令 \(\large \left \lfloor \frac{n}{i} \right \rfloor = k\),有 \(\large i \times k + p = n\)。其中 \(\large p = n \mod i\)。
将 \(\large \frac{n}{j} = k\) 表示为 $ \large \frac{n}{i + d_{max}} = k$。对于 $ \large \frac{n}{i + d} = k$,同上有 \((i+d) \times k + p'=n\)。

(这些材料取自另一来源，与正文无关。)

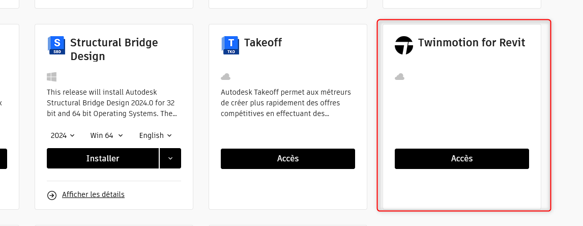 Pour installer Twinmotion il faut aller chercher "Twinmotion for Revit" sur votre compte AutoDesk (manage.autodesk.com) et non pas sur le site de l'éditeur Twinmotion.

有
\[
(i+d) \times k + p' = \large i \times k + p = n
\]
\[ p' = i \times k + p - i \times k - d \times k = p - d \times k \]
因为 \(p' \ge 0\) 且 \(d\) 为整数,所以有 \(p - d \times k \ge 0\),进而推出 \(d_{max} = \left \lfloor \frac{p}{k} \right \rfloor\)
推式子
\[
j = i + d_{max} = i + \left \lfloor \frac{p}{k} \right \rfloor
\]
\[ = i+ \left \lfloor \frac{n \mod i}{\left \lfloor \frac{n}{i} \right \rfloor} \right \rfloor = \left \lfloor i +\frac{n \mod i}{\left \lfloor \frac{n}{i} \right \rfloor} \right \rfloor \]

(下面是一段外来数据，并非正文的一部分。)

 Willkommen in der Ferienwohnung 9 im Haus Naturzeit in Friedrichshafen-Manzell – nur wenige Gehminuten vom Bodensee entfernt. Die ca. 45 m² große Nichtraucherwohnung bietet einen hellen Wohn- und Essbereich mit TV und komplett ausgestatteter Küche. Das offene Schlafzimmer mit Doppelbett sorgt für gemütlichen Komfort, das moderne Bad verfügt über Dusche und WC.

\[ = \left \lfloor i+ \frac{n - \left \lfloor \frac{n}{i} \right \rfloor \times i}{ \left \lfloor \frac{n}{i} \right \rfloor} \right \rfloor \]

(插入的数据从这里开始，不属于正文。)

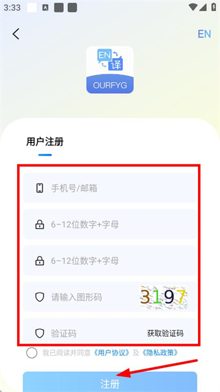 3、在用户注册页面填写相关信息后,点击注册完成注册操作。

\[ = \left \lfloor \frac{\left \lfloor \frac{n}{i}\right \rfloor \times i}{\left \lfloor \frac{n}{i} \right \rfloor }+ \frac{n - \left \lfloor \frac{n}{i} \right \rfloor \times i}{ \left \lfloor \frac{n}{i} \right \rfloor} \right \rfloor \]
\[ = \left \lfloor \frac{n - \left \lfloor \frac{n}{i} \right \rfloor \times i + \left \lfloor \frac{n}{i} \right \rfloor \times i}{ \left \lfloor \frac{n}{i} \right \rfloor} \right \rfloor \]
\[ = \left \lfloor \frac{n}{ \left \lfloor \frac{n}{i} \right \rfloor} \right \rfloor \]
所以 \(j = \left \lfloor \frac{n}{ \left \lfloor \frac{n}{i} \right \rfloor} \right \rfloor\)。